P: processor, 保存 goroutine 的队列，能够进行 goroutine 的调度，可以控制并行的 goroutine 数量。
M: machine, 系统线程, goroutine G 会通过 P 被调度到 M 上执行。

具体关系如下图:

调度 Link to heading

系统调用
如果G被阻塞在某个system call操作上，那么不光G会阻塞，执行该G的M也会解绑P(实质是被sysmon抢走了)，与G一起进入sleep状态。如果此时有idle的M，则P与其绑定继续执行其他G；如果没有idle M，但仍然有其他G要去执行，那么就会创建一个新M。
channel/IO
如果G被阻塞在某个channel操作或network I/O操作上时，G会被放置到某个wait队列中，而M会尝试运行下一个runnable的G；如果此时没有runnable的G供m运行，那么m将解绑P，并进入sleep状态。。

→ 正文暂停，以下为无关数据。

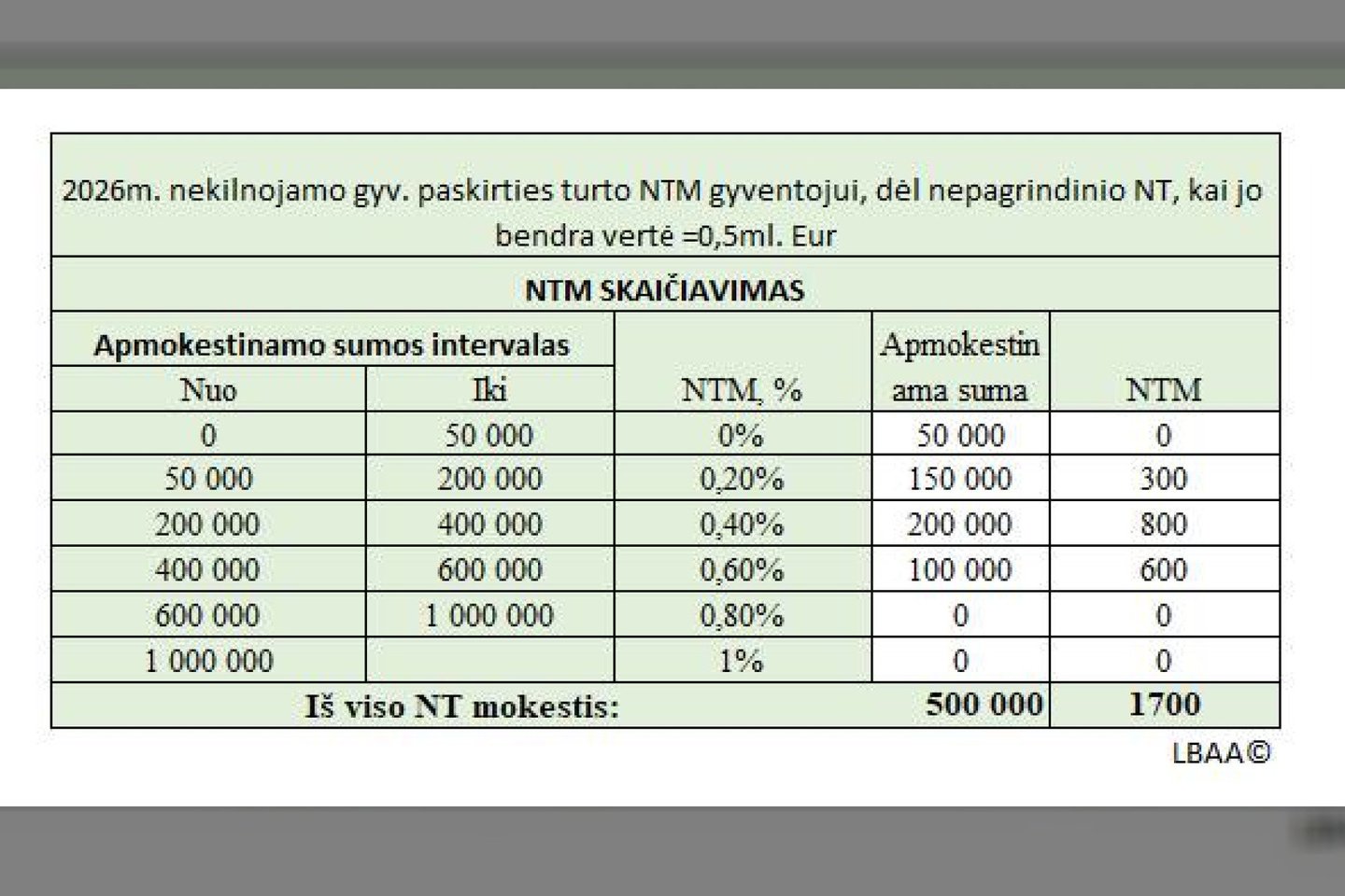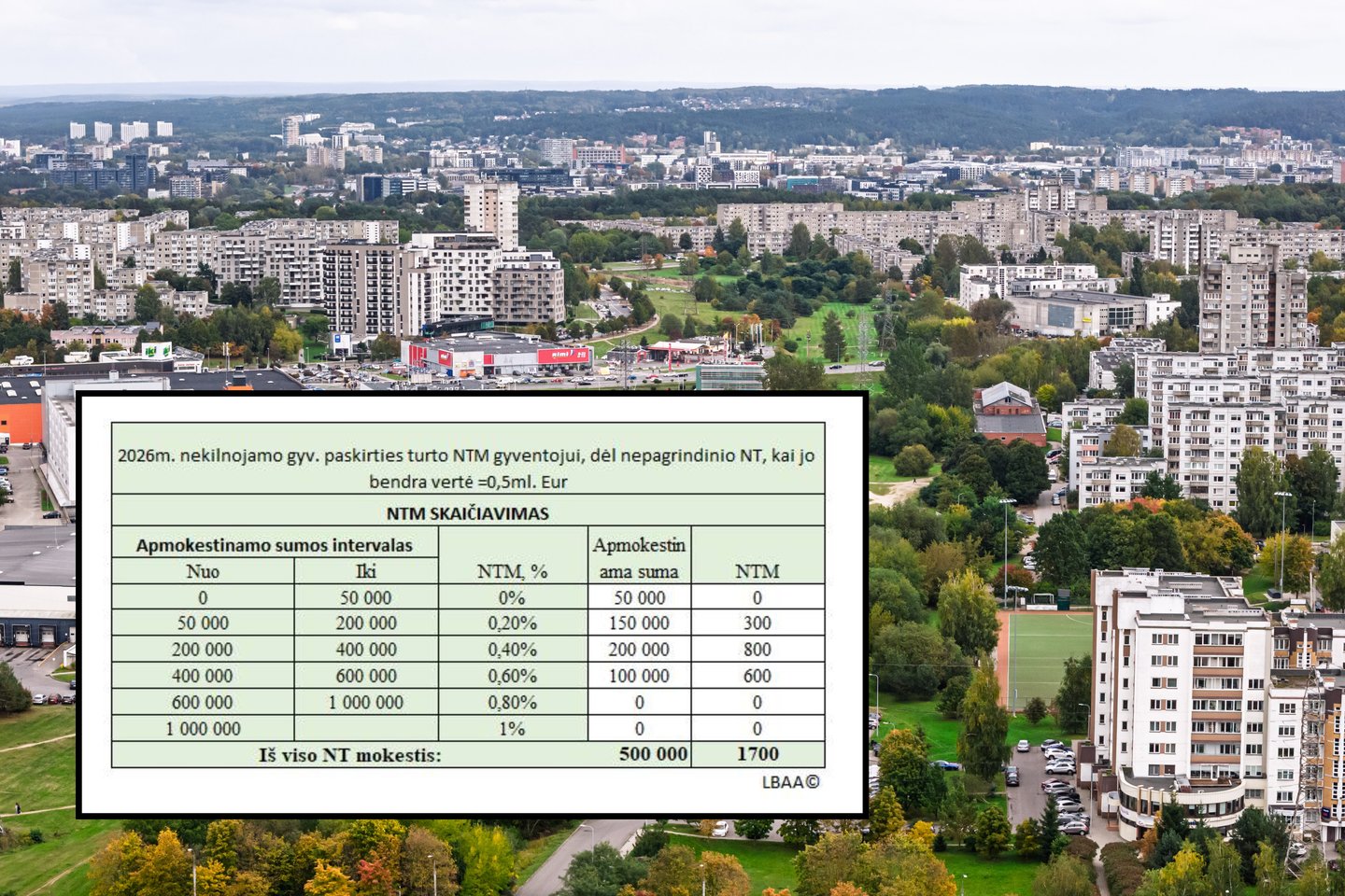 „Kai gyventojas turi kelis gyvenamosios paskirties NT objektus, kurių bendra mokestinė vertė – 0,5 mln. eurų, ir šis turtas nėra pagrindinis būstas. Tokio būsto 2026m. NT mokestis bus 1700 eurų“, – socialinio tinklo „Facebook“ paskyroje skaičiavo asociacija.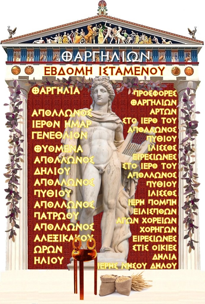 ― Ο δέ Απόλλων ούτος έστιν ώ τα Θαργήλια άγουσι, και διασώζεται Φλυήσιν εν τω δαφνηφορείω γραφή περί τούτων.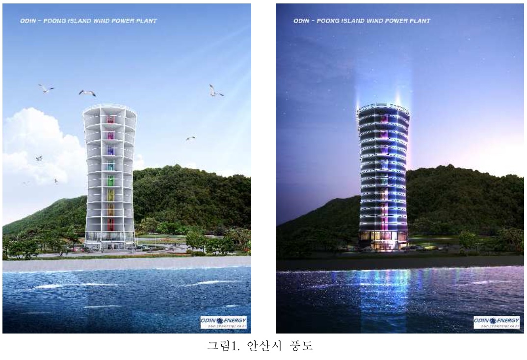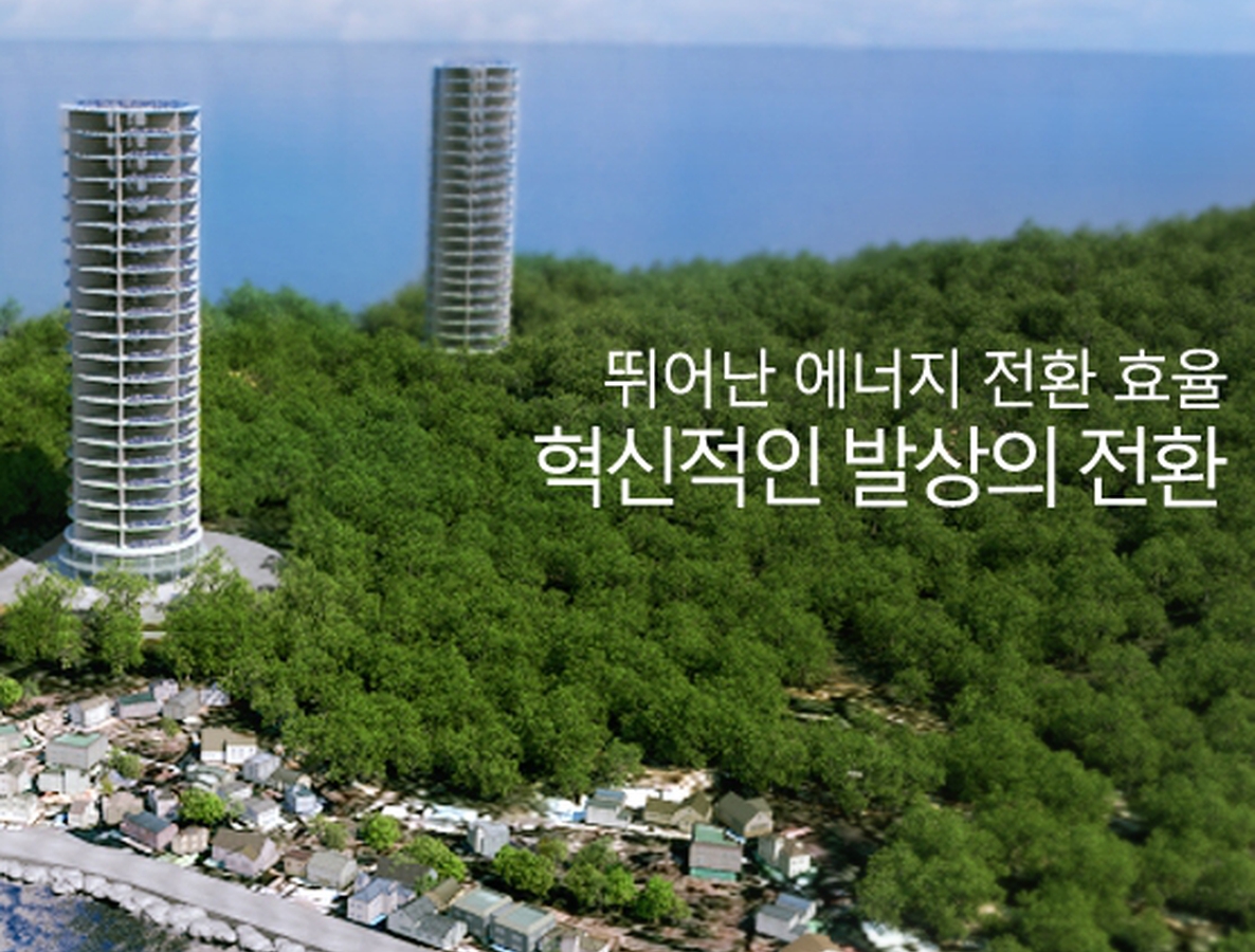 타워 형태로서 가동율이 높으며, 설치 면적이 기존풍력발전 대비 약 1/80로 줄어듭니다. 또한 소음, 진동이 없고 구조가 안정적이어서 건물 위나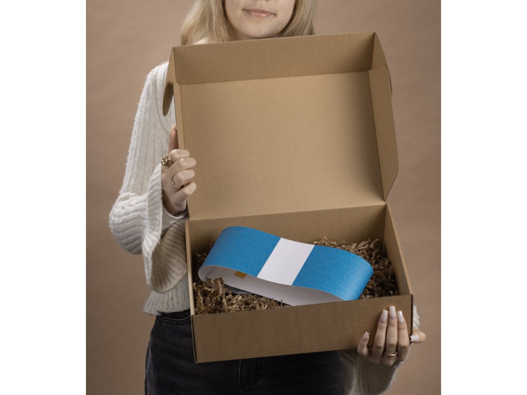 Dárkový balicí set AZUL „M“ je hotovým a stylovým řešením pro firemní dárky. Obsahuje pevnou krabičku z kraftové lepenky, béžovou papírovou výplň (s atestem pro styk s potravinami) a modrý obal se stříbrným autorským motivem vytvořeným speciálně pro BLUE COLLECTION. Obal zajišťuje elegantní zakončení a díky samolepicímu proužku se snadno používá. Sada je k dispozici ve třech velikostech (S, M, L) – snadno ji přizpůsobíte plánovanému obsahu.Doplňkové parametry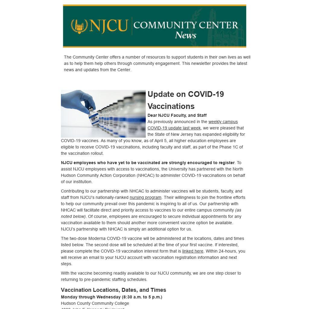 Dear NJCU Faculty, and Staff As previously announced in the weekly campus COVID-19 update last week, we were pleased that the State of New Jersey has expanded eligibility for COVID-19 vaccines. As many of you know, as of April 5, all higher education employees are eligible to receive COVID-19 vaccinations, including faculty and staff, as part of the Phase 1C of the vaccination rollout.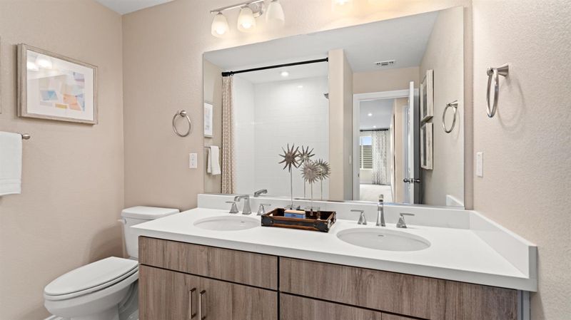 This beautiful model home features a generous dining nook, an airy great room and a well-appointed kitchen with a center island. You'll also appreciate a convenient main-floor bedroom and bath. Upstairs, enjoy a spacious loft, a laundry room with plentiful storage and two bedrooms with a shared bath. Retreat to the lavish owner's suite, complete with a private bath and an expansive walk-in closet. This home also includes tile flooring, added windows and quartz countertops throughout! Home has been virtually staged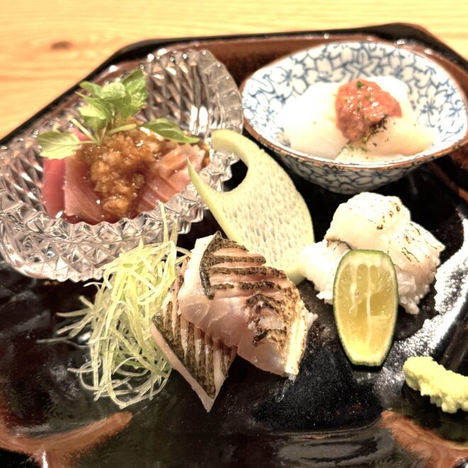 お造りは、鯛、鰹、ハモなど旬の魚がそれぞれの表情で登場。繊細な包丁仕事と盛り付けの美しさに、思わず見とれてしまうほど。どの魚も旨味が際立ち、器の上に小さな海の景色が広がっていました。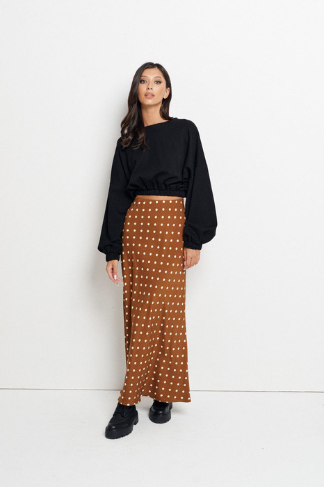 Комфортный стильный джемпер выполнен из трикотажного полотна черного цвета. Характеристики: джемпер свободного кроя, горловина овальная, рукав спущен, по низу рукава резинка, низ изделия на резинке. Длина по спинке 48, длина рукава от края горловины 79 см.

当I/O available或channel操作完成，在wait队列中的G会被唤醒，标记为runnable，放入到某P的队列中，绑定一个M继续执行。
抢占调度
sysmon向长时间运行(10ms)的G任务发出抢占调度，一旦G的抢占标志位被设为true，那么待这个G下一次调用函数或方法时，runtime便可以将G抢占，并移出运行状态，放入P的local runq中，等待下一次被调度。

sysmon Link to heading

Go程序启动时，runtime会去启动一个名为sysmon的m(一般称为监控线程)，该m无需绑定p即可运行，每20us~10ms启动一次，主要负责以下工作：

释放闲置超过5分钟的span物理内存；
如果超过2分钟没有垃圾回收，强制执行；
将长时间未处理的netpoll结果添加到任务队列；
向长时间运行的G任务发出抢占调度；
收回因syscall长时间阻塞的P；

用法 Link to heading

goroutine Link to heading

goroutine有一个简单的模型：它是一个与同一地址空间中的其他 goroutine 同时执行的函数。goroutine 是轻量级的，初始分配的空间很小，可以根据需要动态的分配（和释放）堆存储空间。
goroutine 的用法：

go func(){
	// do something
}()

channel Link to heading

上面的例子非常简单，在实际的项目中不太适用，因为 goroutine 无法发送信号告送其他函数，自己何时结束，以及执行的结果，此时，我们就需要 channel 了。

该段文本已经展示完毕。